[Task objective] Reproduce verbatim all of the data given below, but do not carry over the images.

[Data segment]
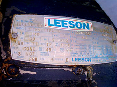 - If Multiple Motors, Motor Descriptions vs specs: (1) 1.5 hp Baldor electric motor, and (1) 1 hp Leeson electric motor
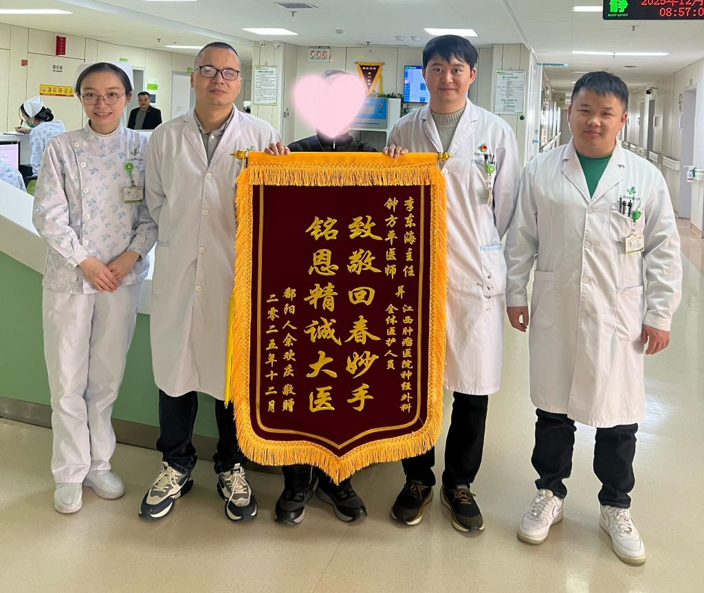 (董莎莎报道)“致敬回春妙手铭恩精诚大医”。12月1日清晨,江西省肿瘤医院神经外科,患者余大叔的父亲将一面烫金锦旗郑重递到医护人员手中。锦旗里裹着的,是一个家庭从“一筹莫展”到“重获希望”的故事。
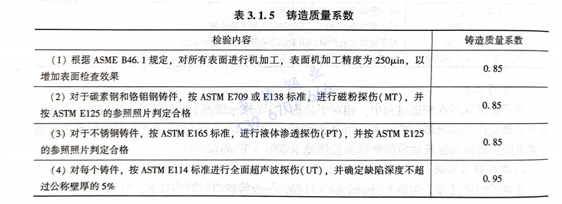 相對于軋制或鍛制的不銹鋼管道元件,鑄件缺陷相對較多,機械性能有所下降。在ASME B31.3中,為了衡量鑄件機械性能下降的程度,用鑄造質量系數來表示。鑄造質量系數同樣與無損探傷的檢驗數量有關。一般情況下,符合材料基本要求且根據MSS SP-55的規定已經過肉眼檢驗的靜態鑄件,可取其基本鑄造質量系數為0.8,對每一鑄件進行補充檢驗后可以按表3.1.5的要求提高。鑄件用作壓力管道及其元件的情況并不多,DN≥50閥門的閥體常采用鑄件,閥門閥體的強度設計一般由制造商進行,多數閥門標準已經給出了最小壁厚要求,實際管道設計中很少用到鑄造質量系數這個概念。ASME B31.3規定,用于劇烈操作條件下及工藝介質管道上的焊接和鑄造不銹(xiu)鋼管件,其焊接質量系數和鑄造質量系數均不得低于0.9。在國內外管道設計標準規范中,有鑄造質量系數的規定。例如,GB 50316規定:如對鑄件進行補充檢測,質量系數可提高至表內規定的數值,但在任何情況下,質量系數不應超過1.00。

[Task answer]
 - If Multiple Motors, Motor Descriptions vs specs: (1) 1.5 hp Baldor electric motor, and (1) 1 hp Leeson electric motor
 (董莎莎报道)“致敬回春妙手铭恩精诚大医”。12月1日清晨,江西省肿瘤医院神经外科,患者余大叔的父亲将一面烫金锦旗郑重递到医护人员手中。锦旗里裹着的,是一个家庭从“一筹莫展”到“重获希望”的故事。
 相對于軋制或鍛制的不銹鋼管道元件,鑄件缺陷相對較多,機械性能有所下降。在ASME B31.3中,為了衡量鑄件機械性能下降的程度,用鑄造質量系數來表示。鑄造質量系數同樣與無損探傷的檢驗數量有關。一般情況下,符合材料基本要求且根據MSS SP-55的規定已經過肉眼檢驗的靜態鑄件,可取其基本鑄造質量系數為0.8,對每一鑄件進行補充檢驗后可以按表3.1.5的要求提高。鑄件用作壓力管道及其元件的情況并不多,DN≥50閥門的閥體常采用鑄件,閥門閥體的強度設計一般由制造商進行,多數閥門標準已經給出了最小壁厚要求,實際管道設計中很少用到鑄造質量系數這個概念。ASME B31.3規定,用于劇烈操作條件下及工藝介質管道上的焊接和鑄造不銹(xiu)鋼管件,其焊接質量系數和鑄造質量系數均不得低于0.9。在國內外管道設計標準規范中,有鑄造質量系數的規定。例如,GB 50316規定:如對鑄件進行補充檢測,質量系數可提高至表內規定的數值,但在任何情況下,質量系數不應超過1.00。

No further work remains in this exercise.